Hi everyone, this is the first in a series of 4-5 posts related to our Red-Team Training class offered during BlackHat USA 2013.
First things first - why? Well, we only have two days, and trust us, they are going to be packed. Therefore, we figured it would be best to provide some background material and previews on what to expect from the training.
First, Red Team. The term itself is overused and abused. This is especially true with the demise of "penetration testing" which has replaced "vulnerability scanning" as the term-du-jour in the security industry. Red Teaming depicts the pinnacle of security and risk assessments for organizations.

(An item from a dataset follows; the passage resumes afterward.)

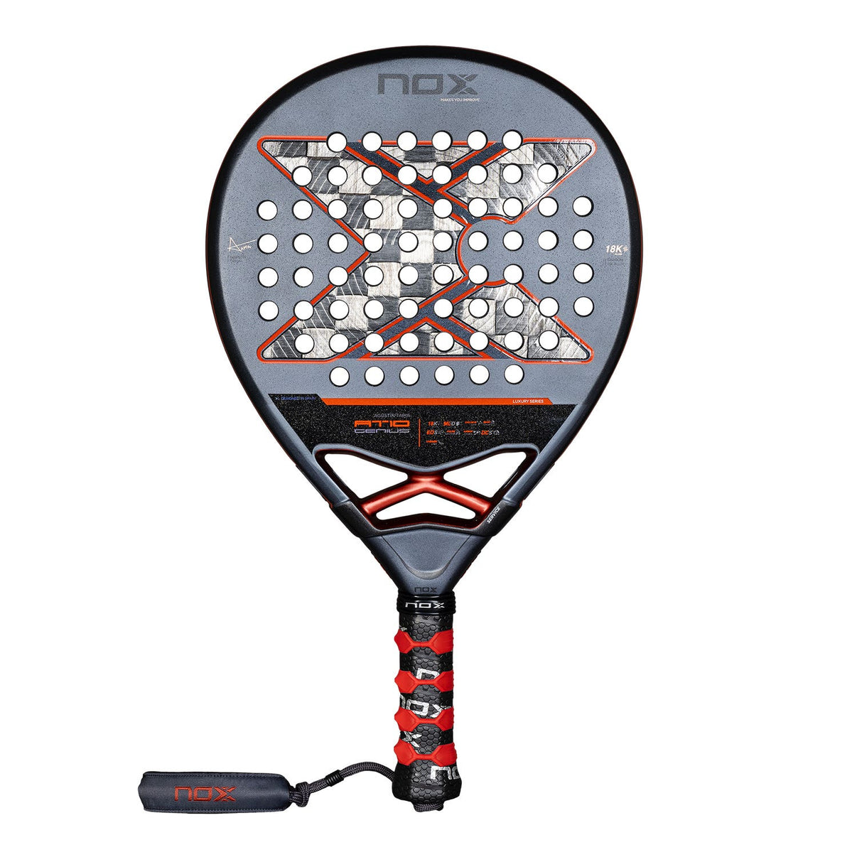 Pala de lágrima Nox AT10 Genius 18K By Agustín Tapia 2025, con núcleo multicapa de MLD Black EVA y planos rugosos de carbono aluminizado 18K para mayor durabilidad.

It means a no holds barred testing of one's security and is not limited by scope of a certain technological, social, organizational or physical aspects. In a red-team engagement the point is to simulate a real-world adversary. This is in contrast to more traditional (penetration testing and vulnerability assessments) engagements where specific aspects of the technical infrastructure of the organizations are reviewed for their security posture.
In the training, we will focus on how red team engagements are ran, and how to provide the best value for the organization they are conducted against.
The training will combine Red Teaming methodology aspects, as well as technical and hands-on portions in order to gain a bit of experience in how engagements should be executed in the field.
From a "what you get" perspective - one thing to note is that this is NOT a tools class. Tools are part of every red team engagements, but are not the point of it. Tools can be used interchangeably, and should be used based on the specific challenge at hand and personal taste. There is no "one tool to rule them all" - especially in red-teaming. However, as we try to make sure the training has enough hands-on portions, tool usage will be part of the two day ordeal, and we'll have a chance to use them in situations similar to actual red-team engagements.
So to conclude the first post in this series - we are expecting a packed schedule, where we will vary between methodology and hands-on practice, we'll get to do some field-work (and in Vegas of all places. get your lawyers/livers ready), and last but not least - have fun! Our goal for the training is to get everyone to a state of mind of constant observation and criticism of anything security. In the past we managed to build our trainings around our classes (i.e. you!) and are really looking forward to challenging ourselves (and everyone who will be in the class) again.
Lastly, and we'll save some surprises for later posts, everyone in the training will walk away with actual tools they would use on red-team engagements.